Aku memang mengenali banyak orang, tapi tak semuanya menganggapku teman. Mungkin bagiku aku hanyalah latar belakang dari cerita yang sedang mereka jalani. Aku hadir saat dibutuhkan, menjadi telinga saat mereka ingin bersandar. tapi ketika semua kembali baik-baik saja, aku sering kali dilupakan seperti debu di buku yang hanya dibuka saat diperlukan.
Sering aku bertanya pada diri sendiri, pakah aku terlalu tersedia? Terlalu mudah percaya, terlalu mudah memberi? Tapi disisi lain, aku juga tahu, itu adalah bagian dari diriku yang tak bisa kuhindari. Aku tak bisa menjadi orang yang berpura-pura tidak peduli hanya agar tidak kecewa. Aku mencintai pertemanan dengan tulus, meskipun sering kali aku harus menanggung luka dalam diam.
Rasanya aneh ketika seseorang yang dulu sering berbagi cerita, kini bahkan tak pernah mengucapkan selamat ulang tahun. Rasanya asing ketika orang-orang yang dulu aku perjuangkan, kini tak tahu kabarku. Tapi dari semua kehilangan itu, aku belajar bahwa kehadiran tidak selalu berarti kedekatan, dan kedekatan tidak selalu menjamin keabadian.
Namun, ditengah semua kekecewaan itu, aku belum sepenuhnya kehilangan harapan. aku masih percaya, bahwa diantara banyaknya pertemuan yang singgah sementara, akan ada satu atau dua bahkan lebih yang benar-benar memilih untuk tinggal.
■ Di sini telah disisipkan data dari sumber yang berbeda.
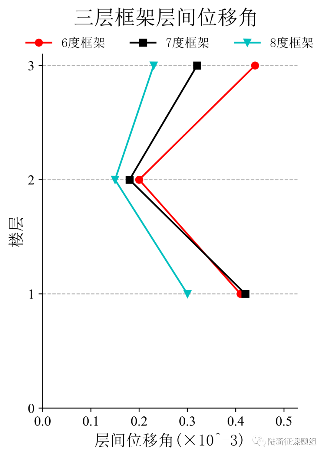将FJ.H0011典型台站记录输入立面布置如图6(a)所示的6度、7度和8度设防的典型三层钢筋混凝土框架结构,得到其层间位移角包络如图6(b)所示。

Mungkin bukan hari ini, bukan besok. tapi suatu hari nanti, aku percaya akan ada seseorang yang tak hanya melihatku saat ia butuh, tetapi juga mengingatku saat tak ada alasan untuk mengingat.
Sebab pertemanan sejati bukan tentang seberapa seing kita berbicara, tetapi tentang siapa yang tetap tinggal di hati kita meski dunia terus berubah dan waktu terus berlalu. Dan sampai hari itu tiba, aku akan tetap menjadi diriku sendiri: seseorang yang mungkin tak selalu ingat, tapi selalu berusaha tulus dalam setiap pertemuan.